• **Directions for this task**: Print, exactly as they stand, the lines below from the one that has "В некоторых моделях" to the one that has "ヘコむあだ名 | 『りょふぇ~』『酢こんぶ』『りょを』 |", inclusive, leaving out the pictures.
═══ Supplied data
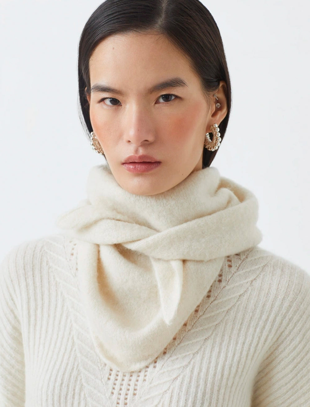 Suncoo Paris' Armini Scarf in Blanc. Designed to be worn across the shoulders, as a neck scarf, or as a hood for chilly temperatures ahead.
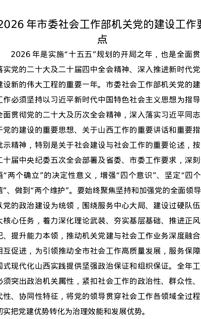 2026年市委社会工作部机关党的建设工作要点
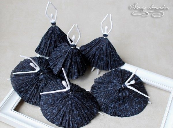 Для создания самой простой бумажной балерины вам потребуется:бумага, из которой будут вырезаны силуэты и юбочки балерин;
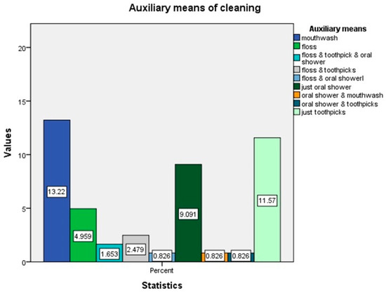 Additionally, 78.5% of respondents used fluoride toothpaste (M = 1.21, SD = 0.41). Mouthwash was the most commonly used auxiliary oral hygiene method, with 13.22% of respondents indicating their use; toothpicks were used by 11.57% of individuals, making it the second most popular auxiliary tool, while 54.55% did not employ any auxiliary dental care methods beyond tooth brushing (Figure 2).
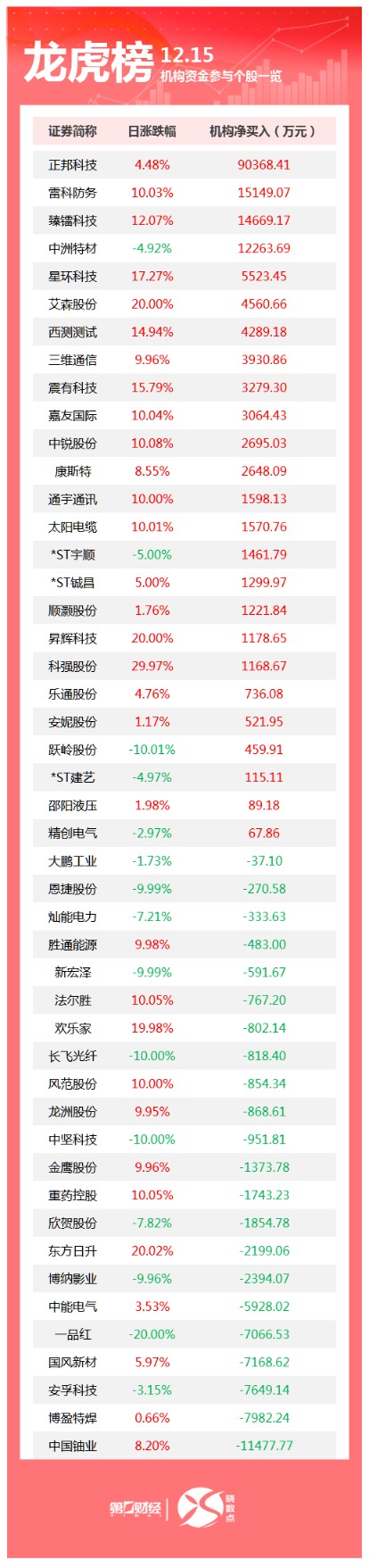 龙虎榜丨机构今日买入这25股 卖出中国铀业1.15亿元
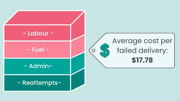 Direct expenses, including labour for re-attempts, customer service handling, and logistical disruption, add up to an average $17.78 per failed package (even a 5% failure rate can lead to losses of nearly $200,000 annually for a company handling 140,000 orders!).
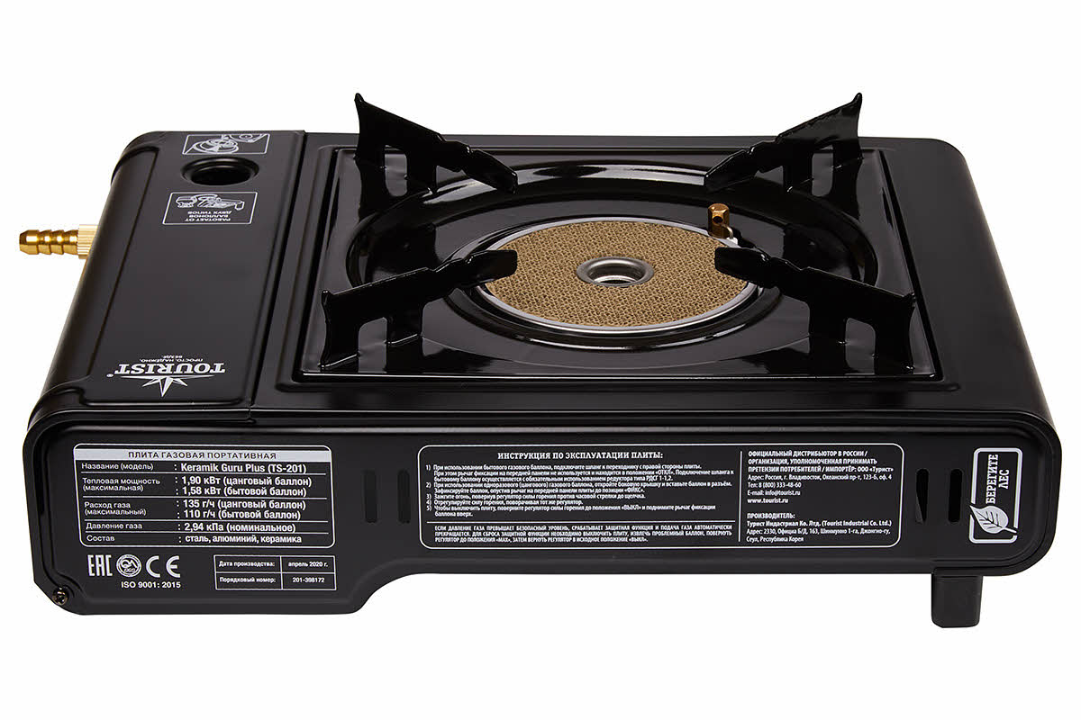 В некоторых моделях газовых обогревателей и плит марки «Tourist» используется уникальный микропористый керамический излучатель. К основным преимуществам керамики можно отнести более эффективную генерацию и распределение тепла за счет полного сгорания газовой смеси, отсутствие открытого пламени, что повышает безопасность прибора и препятствует задуванию пламени ветром во время работы, а также существенное снижение расхода газовой смеси.
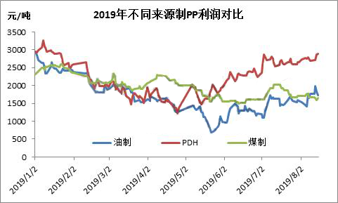 ????????此次東華能源計劃投產(chǎn)的裝置,繼續(xù)采用PDH工藝,為何近幾年來PDH裝置如雨后春筍般,蜂擁而至?首先從終端產(chǎn)品利潤來看。以聚丙烯為例,2019年丙烷脫氫制聚丙烯平均利潤在2000元/噸以上,下半年以來,因為丙烷價格震蕩下行,跌幅遠(yuǎn)大于聚丙烯價格跌幅,生產(chǎn)企業(yè)利潤好轉(zhuǎn)。丙烷脫氫制聚丙烯利潤明顯好于煤制和油制利潤。
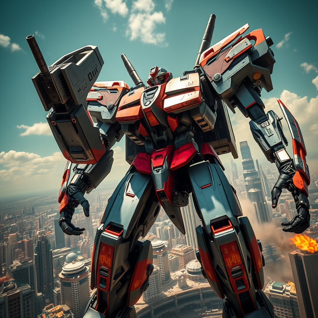 Gigantic robotic warrior, detailed and lifelike, shot with a DSLR camera, wide-angle perspective, towering over a futuristic cityscape, dynamic pose, vibrant metallic colors, intricate mechanical joints, gleaming under the sunlight, captured amidst an epic battle scene.
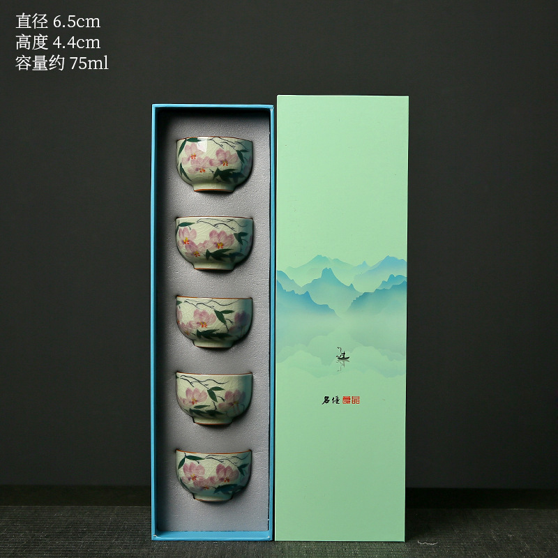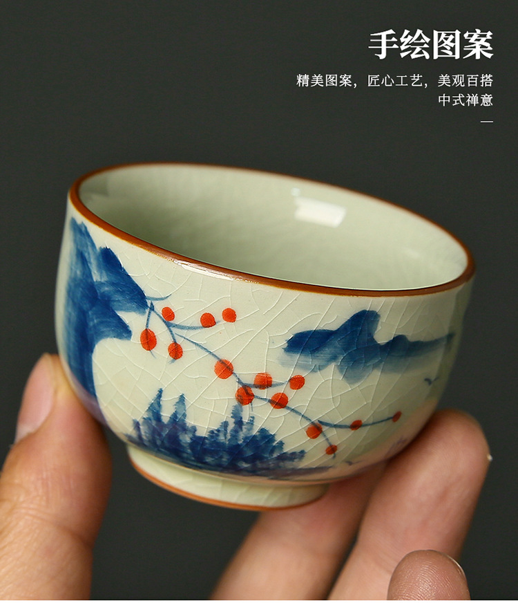 손으로 그린 Ge 가마 유약 컬러 차 컵 차 컵 세트 홈 세라믹 마스터 컵
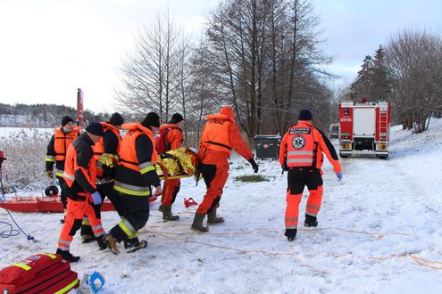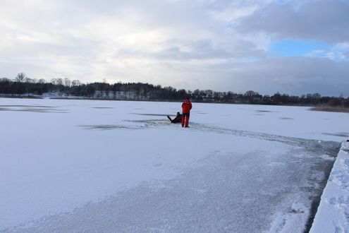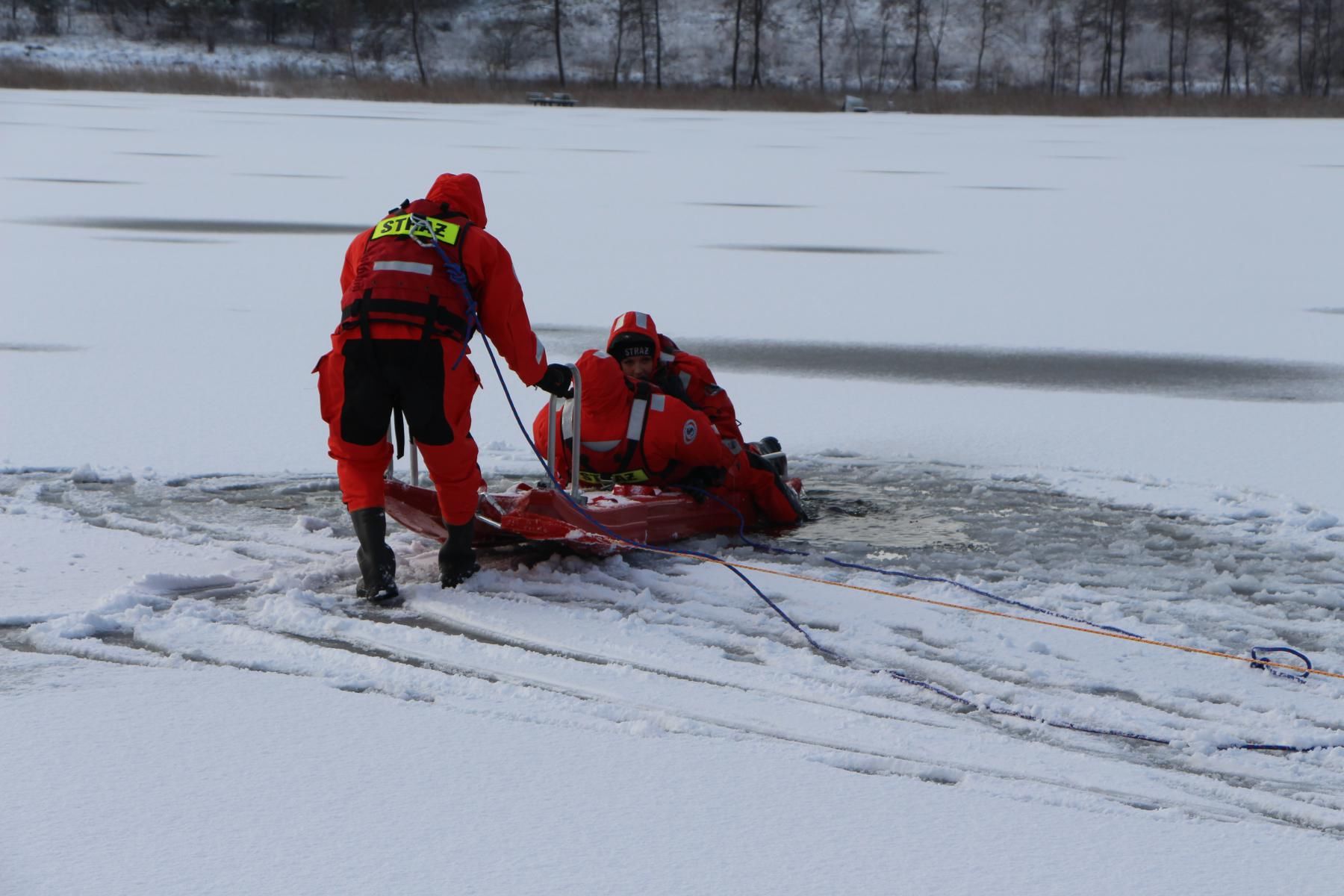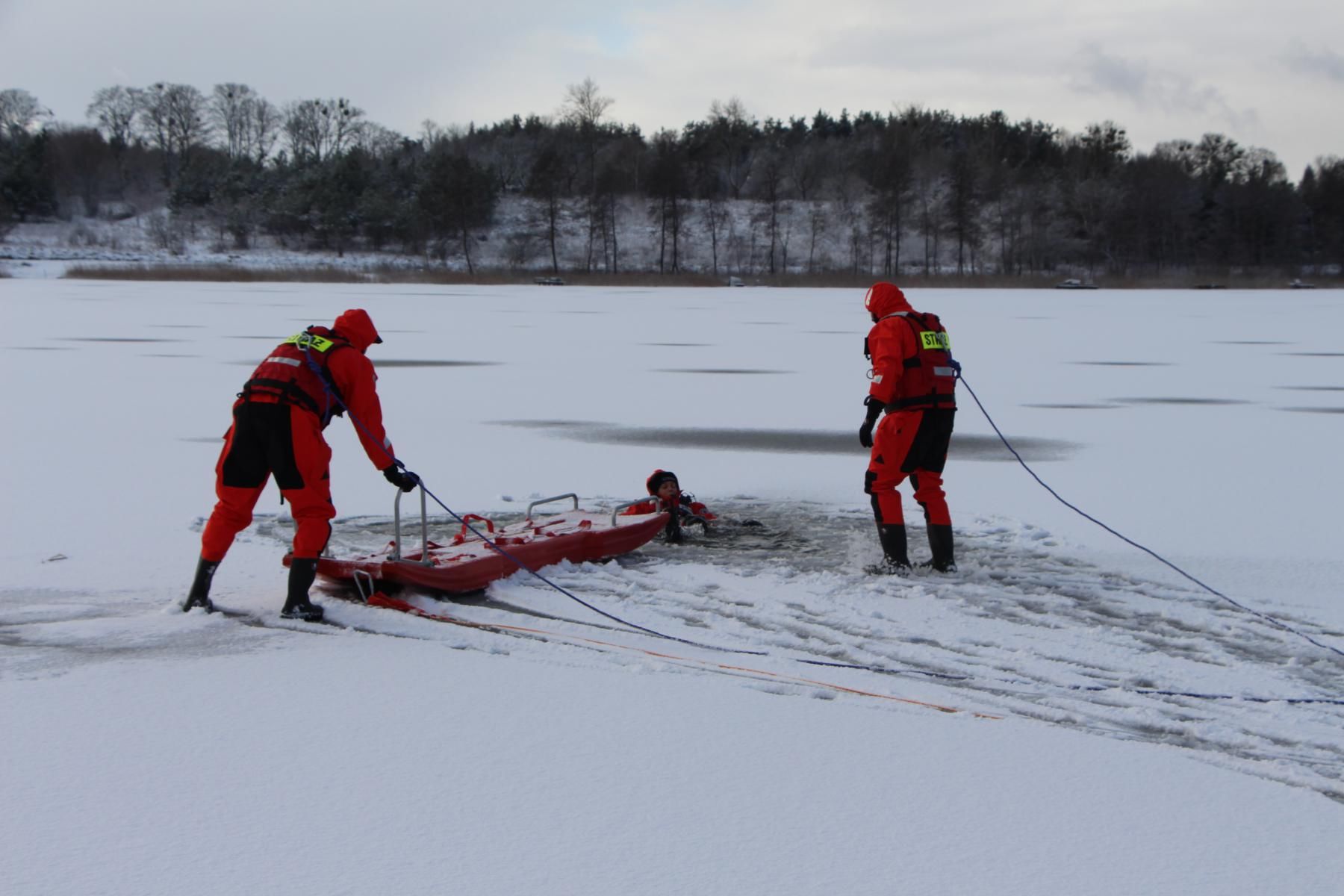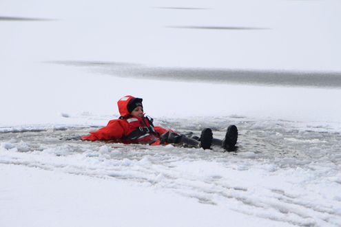 Należy pamiętać, że w przypadku zagrożenia starajmy się zachować spokój i próbujmy wezwać pomoc. Dzwoniąc pod nr 112 przedstawmy się, powiedzmy spokojnie, co się stało, podajmy miejsce, w którym jesteśmy. Czekajmy na przybycie pomocy, nie rozłączajmy się, zostańmy w stałym kontakcie telefonicznym z numerem alarmowym. Gdy zarwie się pod nami lód oszczędzajmy siły na wydostanie się z wody. Wyjście bez niczyjej pomocy o własnych siłach jest niezwykle trudne – ręce ślizgają się po mokrym lodzie – nie można znaleźć chwytu. Najlepiej położyć się płasko na wodzie, rozłożyć szeroko ręce i starać się wpełznąć na lód. Starajmy się poruszać w kierunku brzegu leżąc cały czas na lodzie.
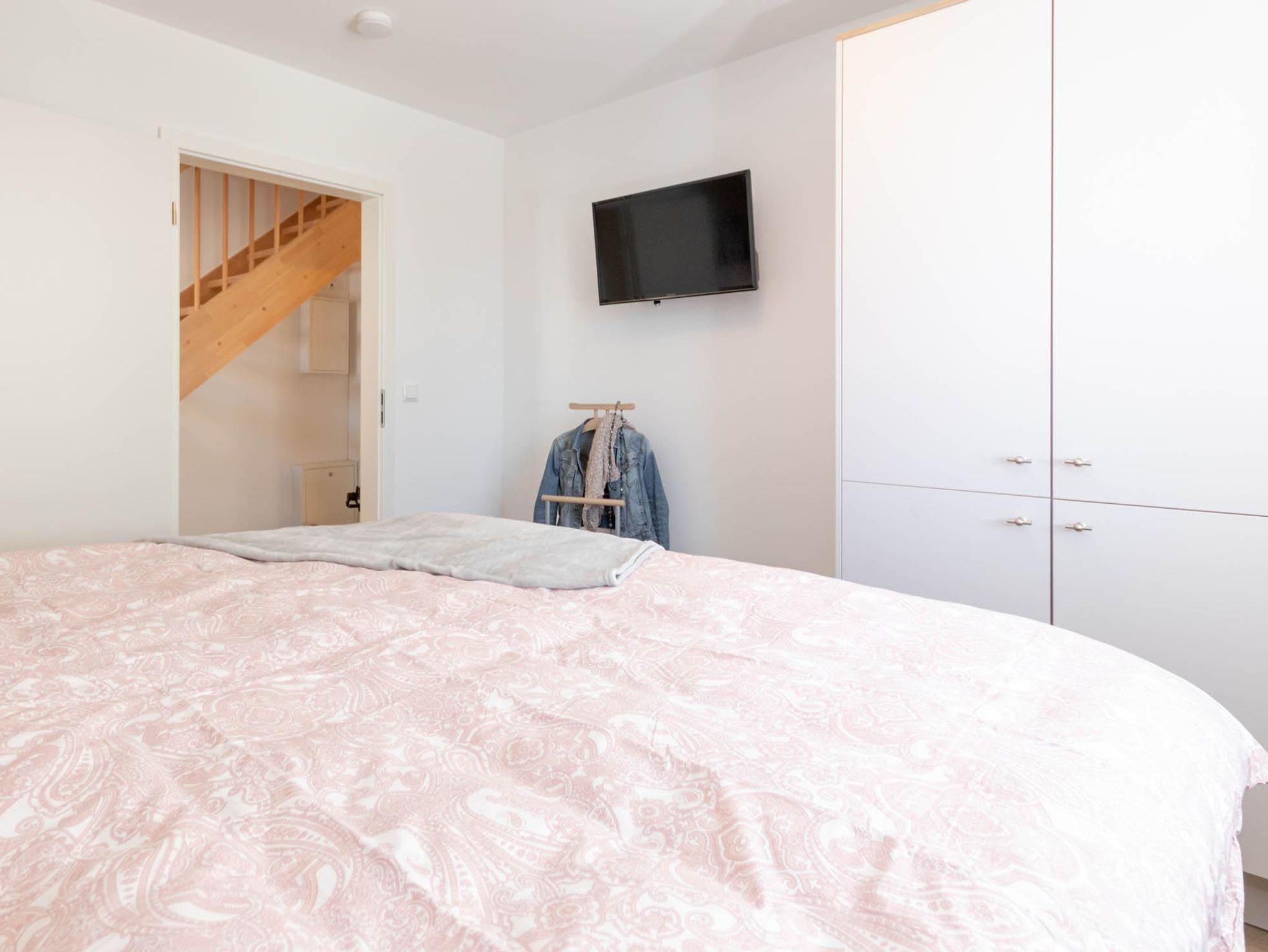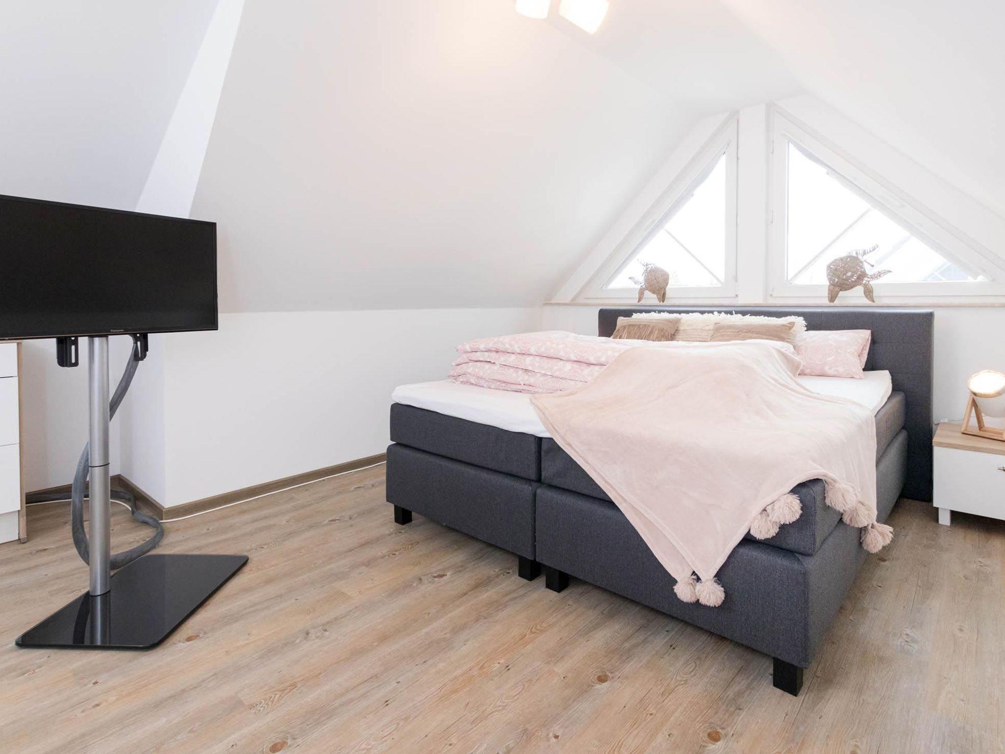 Ein Schlafzimmer sich in der ersten Etage, das zweite ist im Dachgeschoss. Beide sind mit 180x200 Boxspringbetten ausgestattet, erholsamer Schlaf ist garantiert. Das obere Schlafzimmer erreichen Sie bequem über eine Holztreppe. In jedem Raum befindet sich ein Flat-TV.
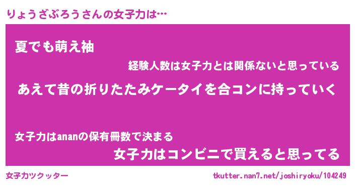 | ヘコむあだ名 | 『りょふぇ~』『酢こんぶ』『りょを』 |
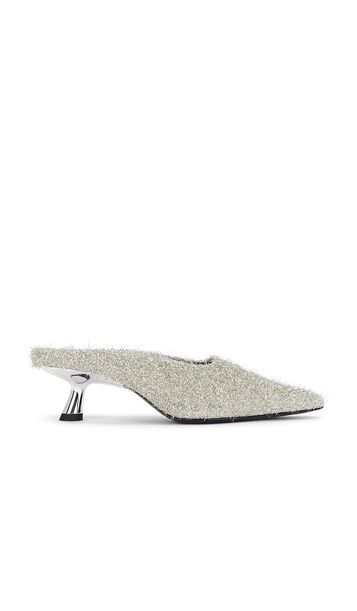 SIMONMILLER Gala Tinsel Pointed Mule in Metallic Silver
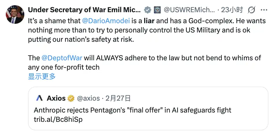 Second, is the actual difficulty of government replacement. Departments within the Pentagon that use Claude admit: Claude is currently one of the most powerful available AI models, and Musk's Grok still lags behind it in technical capability. Replacing it means downgrading. Who will bear this cost?
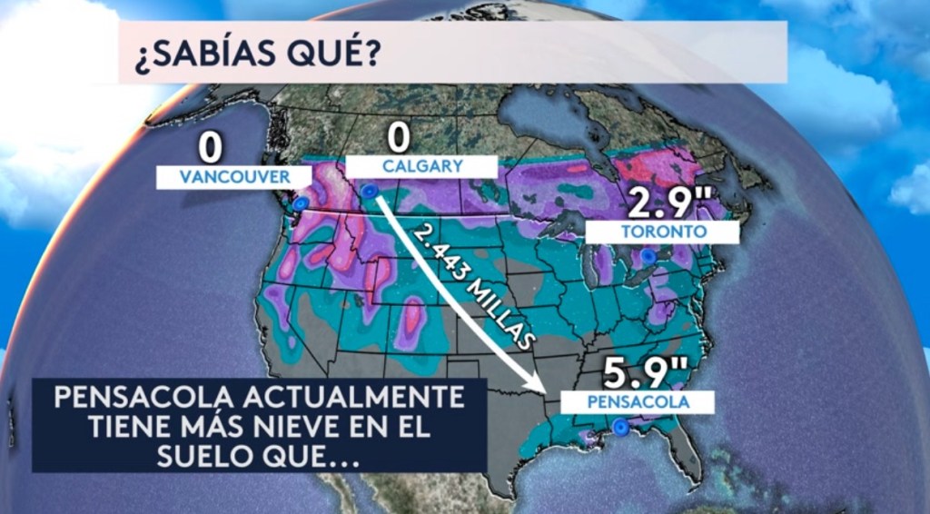 Si nos vamos más al norte, Pensacola todavia tiene más nieve en el suelo que ciudades en Canadá como Vancouver, Calgary y Toronto. ¡Desde Calgary en Canadá hasta Pensacola en Florida, se cubre una distancia de 2.443 millas!
══════
• **Exercise result**:
 В некоторых моделях газовых обогревателей и плит марки «Tourist» используется уникальный микропористый керамический излучатель. К основным преимуществам керамики можно отнести более эффективную генерацию и распределение тепла за счет полного сгорания газовой смеси, отсутствие открытого пламени, что повышает безопасность прибора и препятствует задуванию пламени ветром во время работы, а также существенное снижение расхода газовой смеси.
 ????????此次東華能源計劃投產(chǎn)的裝置,繼續(xù)采用PDH工藝,為何近幾年來PDH裝置如雨后春筍般,蜂擁而至?首先從終端產(chǎn)品利潤來看。以聚丙烯為例,2019年丙烷脫氫制聚丙烯平均利潤在2000元/噸以上,下半年以來,因為丙烷價格震蕩下行,跌幅遠(yuǎn)大于聚丙烯價格跌幅,生產(chǎn)企業(yè)利潤好轉(zhuǎn)。丙烷脫氫制聚丙烯利潤明顯好于煤制和油制利潤。
 Gigantic robotic warrior, detailed and lifelike, shot with a DSLR camera, wide-angle perspective, towering over a futuristic cityscape, dynamic pose, vibrant metallic colors, intricate mechanical joints, gleaming under the sunlight, captured amidst an epic battle scene.
 손으로 그린 Ge 가마 유약 컬러 차 컵 차 컵 세트 홈 세라믹 마스터 컵
 Należy pamiętać, że w przypadku zagrożenia starajmy się zachować spokój i próbujmy wezwać pomoc. Dzwoniąc pod nr 112 przedstawmy się, powiedzmy spokojnie, co się stało, podajmy miejsce, w którym jesteśmy. Czekajmy na przybycie pomocy, nie rozłączajmy się, zostańmy w stałym kontakcie telefonicznym z numerem alarmowym. Gdy zarwie się pod nami lód oszczędzajmy siły na wydostanie się z wody. Wyjście bez niczyjej pomocy o własnych siłach jest niezwykle trudne – ręce ślizgają się po mokrym lodzie – nie można znaleźć chwytu. Najlepiej położyć się płasko na wodzie, rozłożyć szeroko ręce i starać się wpełznąć na lód. Starajmy się poruszać w kierunku brzegu leżąc cały czas na lodzie.
 Ein Schlafzimmer sich in der ersten Etage, das zweite ist im Dachgeschoss. Beide sind mit 180x200 Boxspringbetten ausgestattet, erholsamer Schlaf ist garantiert. Das obere Schlafzimmer erreichen Sie bequem über eine Holztreppe. In jedem Raum befindet sich ein Flat-TV.
 | ヘコむあだ名 | 『りょふぇ~』『酢こんぶ』『りょを』 |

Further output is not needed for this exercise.